### Exercise
Skip pictures in the listing below; copy exactly the lines from the one with "- Edición directa: Cambias" through the one with "Comparing the old", inclusive.

### Records for the exercise
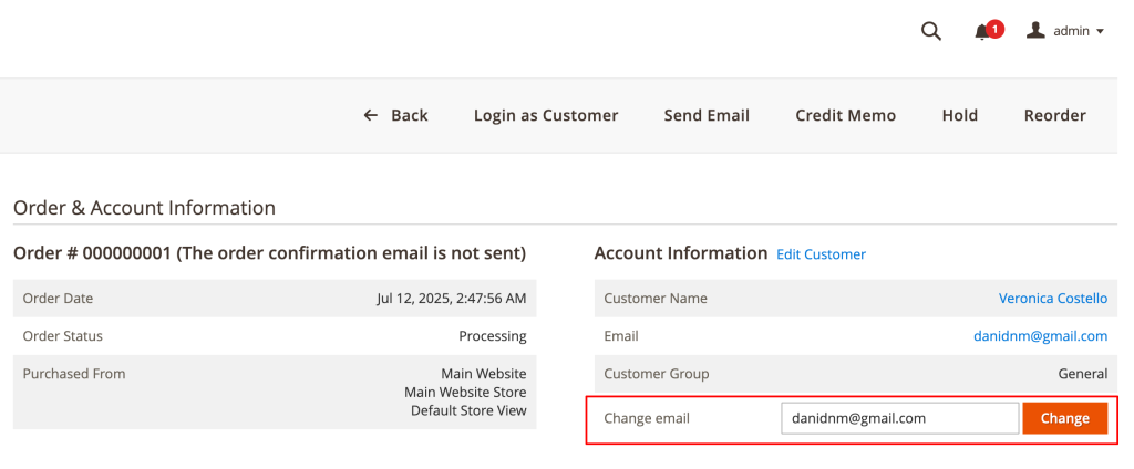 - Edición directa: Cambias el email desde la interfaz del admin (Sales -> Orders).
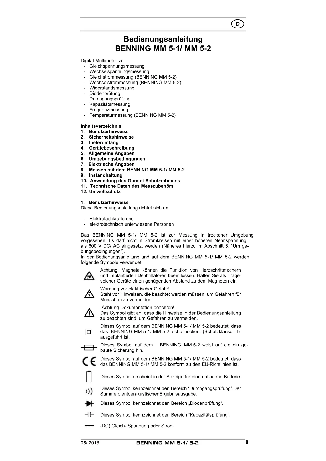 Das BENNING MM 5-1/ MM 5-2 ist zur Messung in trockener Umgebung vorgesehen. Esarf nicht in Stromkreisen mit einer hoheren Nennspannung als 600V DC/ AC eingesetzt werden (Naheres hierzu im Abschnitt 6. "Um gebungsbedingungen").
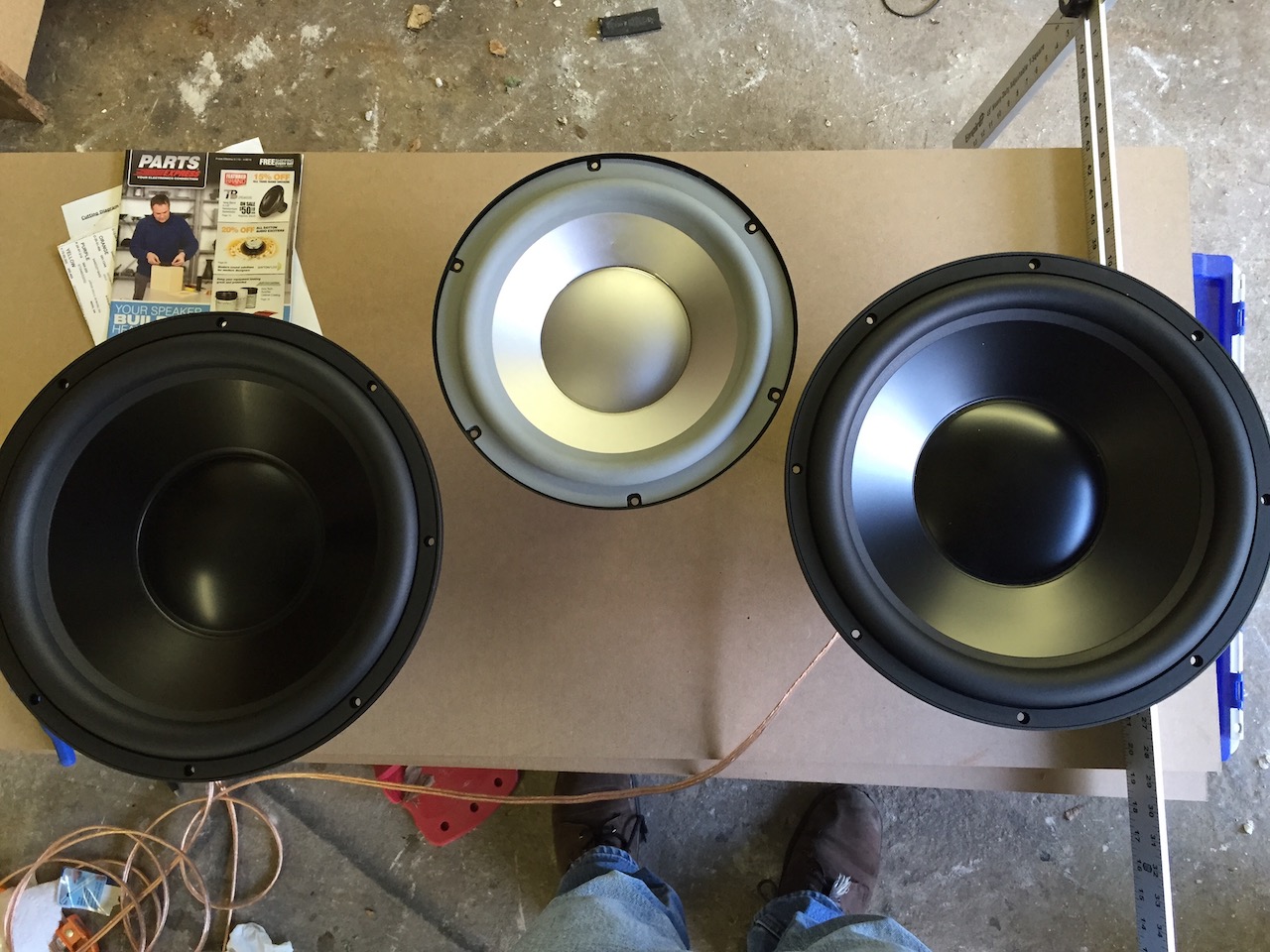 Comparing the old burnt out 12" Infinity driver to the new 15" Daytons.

---

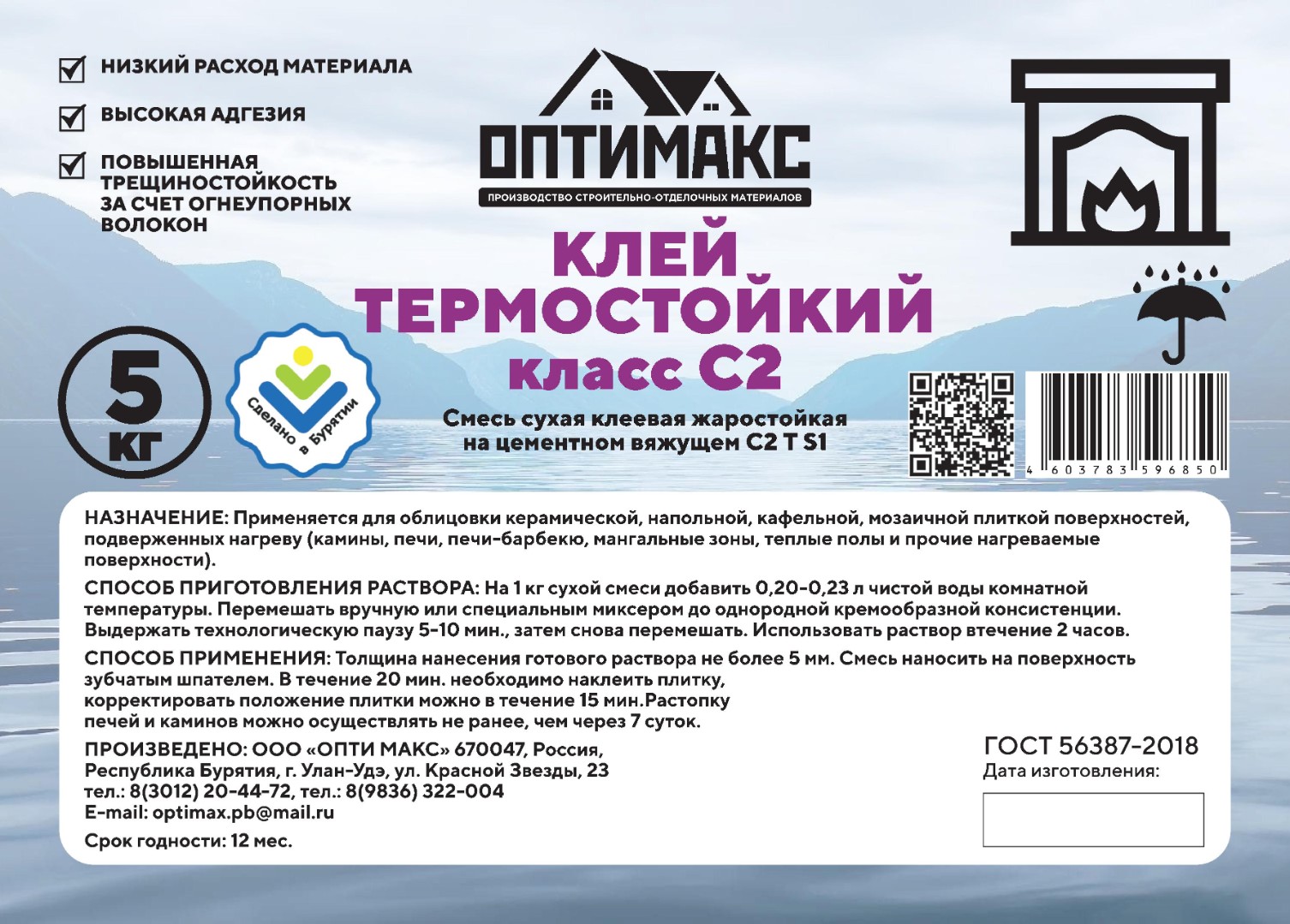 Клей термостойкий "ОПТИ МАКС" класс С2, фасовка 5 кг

### Task answer
 - Edición directa: Cambias el email desde la interfaz del admin (Sales -> Orders).
 Das BENNING MM 5-1/ MM 5-2 ist zur Messung in trockener Umgebung vorgesehen. Esarf nicht in Stromkreisen mit einer hoheren Nennspannung als 600V DC/ AC eingesetzt werden (Naheres hierzu im Abschnitt 6. "Um gebungsbedingungen").
 Comparing the old burnt out 12" Infinity driver to the new 15" Daytons.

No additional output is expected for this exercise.